Insurance vs Assurance- A Detailed Comparison

In the financial market, insurance and assurance are two very widely used terms. The two terms, although have different meanings, are used by people interchangeably. This is because both of them are related to protecting the financial interests of individuals, families, and corporations. It is important for one to know about the difference between insurance and assurance in order to make the right decisions while making financial plans and purchases.

Before we discuss ‘insurance vs assurance’ it is important to know the exact meaning of both the terms individually.

Insurance

Insurance is a contract or agreement wherein the insurance company indemnifies to compensate for the insured’s losses. In case of any mishaps, man-made or natural calamities, or any other uncertain event, the insurance company provides coverage for the losses. This compensation is given in return for a premium paid by the policyholder.

Assurance

It is an agreement in which the insurance company assures to provide compensation or remuneration for an event that is certain to happen, for instance, death. Assurance policies promise to provide persistent coverage till the death of the policyholder.

Insurance Vs Assurance

Let’s understand the difference between the two on various parameters.

Basis

Insurance

Assurance

Meaning

It provides compensation for temporary losses.

It provides compensation for losses that are irreversible and irreplaceable

Objective

To help the policyholder regain financial stability and overcome the unforeseeable losses.

Provide compensation to the beneficiary for his loss.

Guiding principle

The principle of indemnity forms the basis of insurance.

The Principle of certainty forms the basis of assurance.

Types

All general insurance plans, such as fire insurance, marine insurance, health insurance, etc are an agreement of ‘Insurance’.

Life insurance plans, such as annuity plans, whole life insurance, endowment plans, etc (except term life insurance) are a type of ‘Assurance’.

Payment of the claim

The claim is paid only on the happening of the event. If the event does not take place before the maturity of the policy, the policy becomes void.

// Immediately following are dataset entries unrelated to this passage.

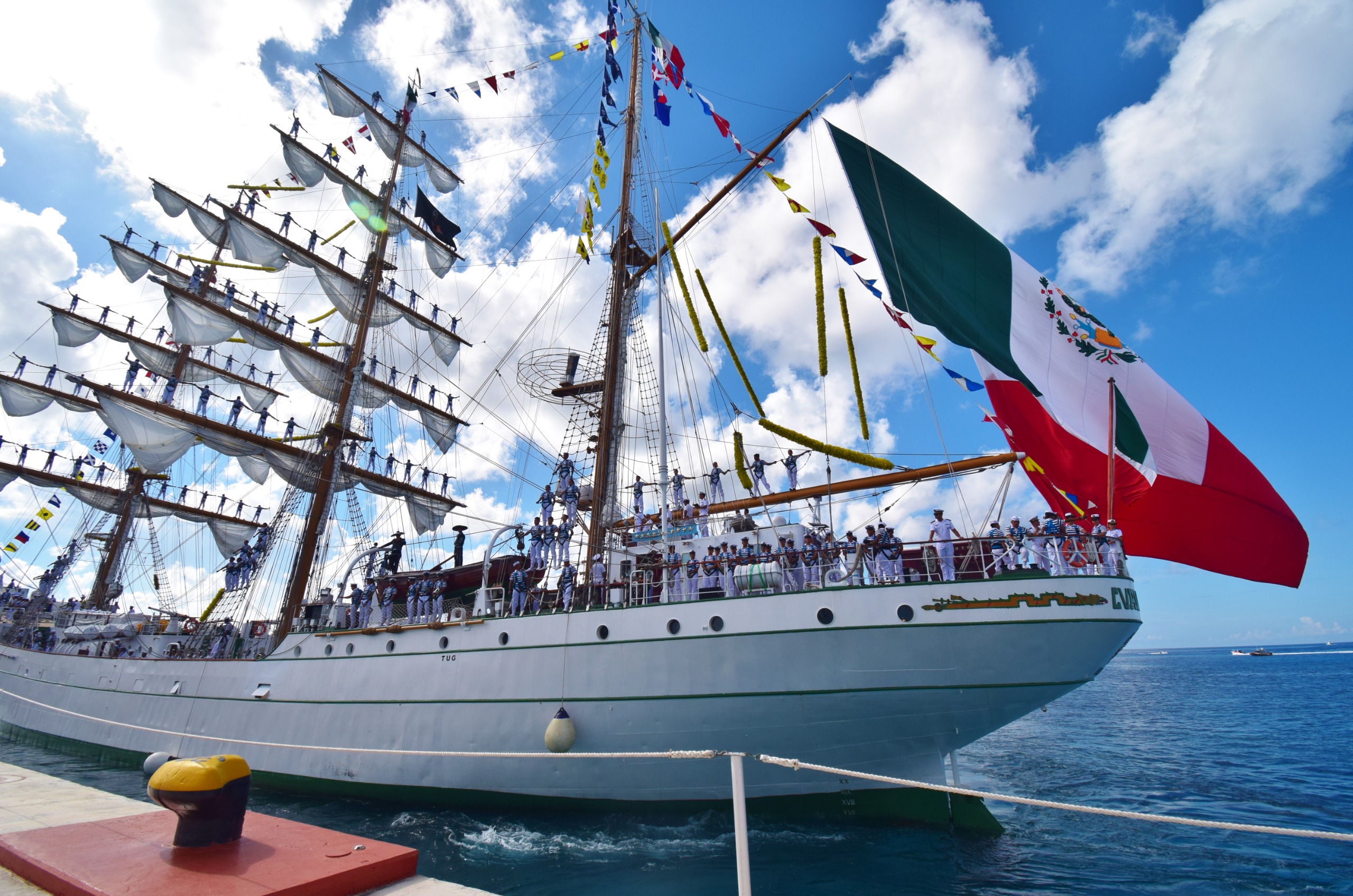 “Ayer, domingo 2 de noviembre, recibimos con enorme orgullo en nuestro puerto al Buque Escuela “Cuauhtémoc”, que regresó de su travesía internacional desde la ciudad de Nueva York, siendo Cozumel el primer puerto mexicano en recibirlo. ¡Bienvenidos sean a Cozumel, marinos del Cuauhtémoc!”, expresó Chacón con emoción.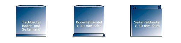 | Flachbeutel Seitennaht | 0,03 – 0,13 mm | 80 – 600 mm | 150 – 900 mm |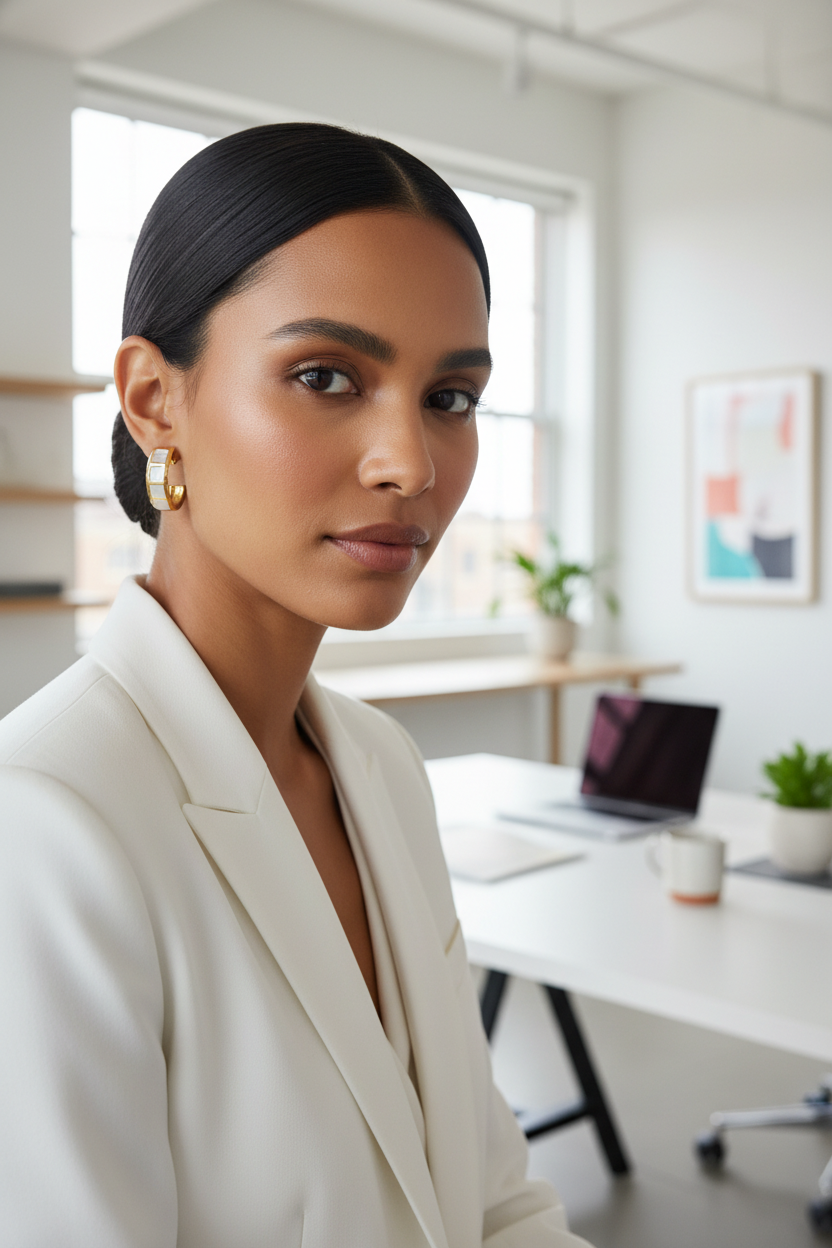 Let the MOP Hoop shine by pairing it with neutral or pastel outfits—think ivory kurtas, beige co-ords, or soft florals. The mother-of-pearl inlay reflects light beautifully, so keep makeup fresh and hair in a sleek bun or soft waves to highlight its elegant glow. Perfect for effortless day-to-evening styling ✨

The sum insured is paid to the policyholder on the occurrence of the event or on the maturity of the policy.

Duration of the contract

Insurance plans are generally short-term plans that can be renewed after their tenure expires.

Assurance plans are long-term contracts, covering the entire lifespan of the policyholder.

Coverage

Coverage is offered against events that may or may not occur in the future like, fire, etc.

Coverage is provided against events that are definite to occur like death.

Payment of premium

In an insurance contract, the premium is paid periodically to get protection against the insured risk.

In a contract of assurance, the premium is paid periodically to avail the benefits after the happening of the event.

Insurance and assurance, both of these elements are extremely and equally important to have a financially sound life.
Although they go hand-in-hand, there is a difference between the services or coverages offered by both. Both of these contracts are offered by the insurance companies, you must rightly choose the one that matches your needs.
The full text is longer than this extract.